Although this review and meta-analysis provide an evidence-based overview of the use of mHealth in subjects with neurological disorders, some limitations should be remarked. Our results should be taken with caution because of the heterogeneity of neurological disorders and the variety of assessment tools used. Likewise, several intervention protocols were used in experimental and control groups. These facts could influence the comprehension and interpretation of findings. Thus, protocols standardization is needed for future studies. Another common limitation, along with the studies included, was the lack of assessor blinding for group allocation, resulting in a high risk of bias in this domain. As well as stated previously, the sample size involved in the studies was limited, making the generalization of the obtained results difficult. Finally, it is necessary to perform trials with long-term follow-up to assess whether the mHealth effects are maintained in neurorehabilitation.

Nevertheless, despite of those limitations, this systematic review and meta-analysis provides the first evidence-based findings about the use of mHealth systems for gait and balance recovery in neurorehabilitation.
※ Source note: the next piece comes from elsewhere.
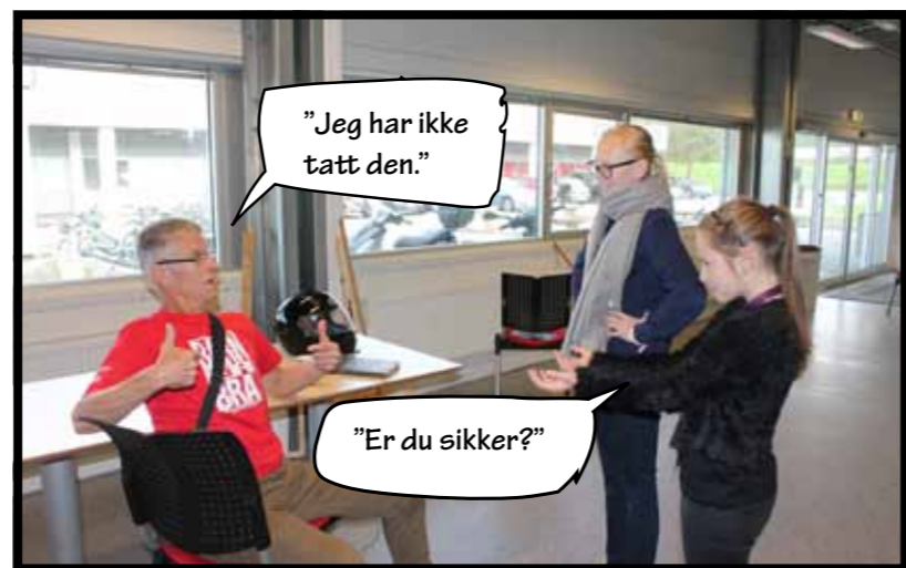
"Jeg har ikke tatt den."

Therefore, this manuscript could be used as the base of future clinical studies and discover the necessity of further research that will allow the stratified analysis of the results.

Conclusions

In conclusion, our study showed some evidence that mHealth systems can be a useful tool for subjects with neurological disorders to improve gait, and controversial results were found on dynamic balance recovery. In that way, the use of smartphones and tablets for performing clinical or home-based rehabilitation is still in its first stages, and the quality of evidence is not enough to merge the effectiveness and strongly recommend the use of these systems in neurorehabilitation. Thus, it is needed to conduct clinical trials with higher methodological quality, involving a larger sample size, homogenous studied groups, standardized protocols, and outcome measures to recommend mHealth as an alternative or reliable complement to clinical neurorehabilitation.